The first words of James today tell us how: Submit to God, draw near to God, side with God. Resist the devil – resist all that is evil. Do not be of two minds – pretty much following Christ, more or less, but making room in your life for what is evil and wrong. Cleanse yourself free of that half- heartedness, that two-mindedness. Try, with God’s grace to come to the complete and unassailable faith of Mary, to the radical and all-consuming hope of John the Baptist. Then indeed our parched land will exult and bloom, our blind eyes will be opened, and we will see the glory and splendor that God’s way holds out to us.
Oddly enough, Christmas can be a tough time of year to be Christian. There are so many ways to be distracted from what the season is really about, so many ways for us to abandon John’s single-mindedness and go swaying to and fro in the wind. There are so many things that can force their way into our mind – those jackals of the first reading – and divide it, destroy its unity and peace, so that we cannot join Mary in keeping God’s word and cherishing it in our heart.
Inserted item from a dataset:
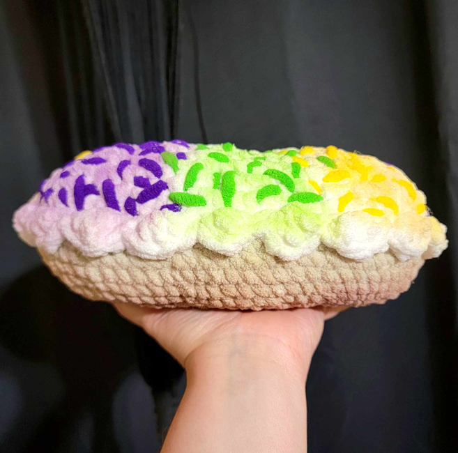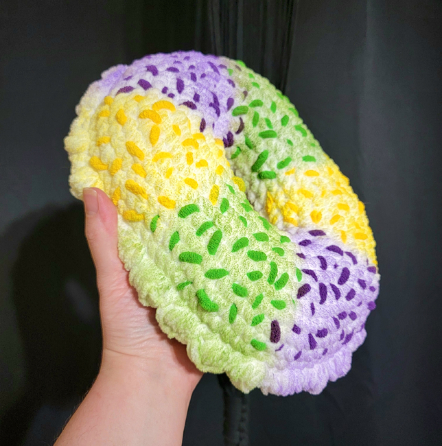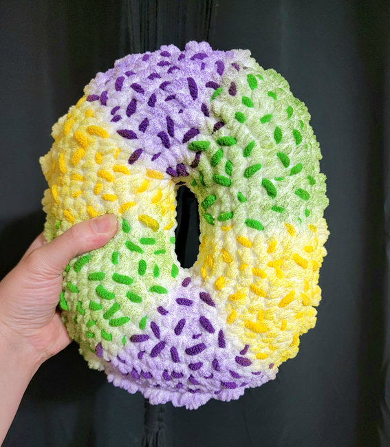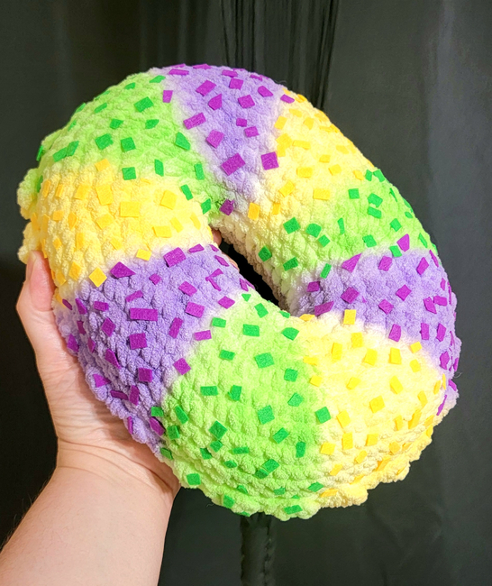 CheriReeCrochet designed the Mardi Gras King Cake Plush pattern. Find more of their patterns on their Ribblr shop page.

We might just have to prepare a little desert for ourselves, a few moments of the day maybe, or the first – or last – hour of the night. Make the little journey those people made who went out to see John in the desert by the Jordan.
In all the many tasks of the coming days, make some provision that the most important parts of Mary’s life, the most important parts of John’s life will live in you: The word of God, the promise of God cherished in your heart and soul.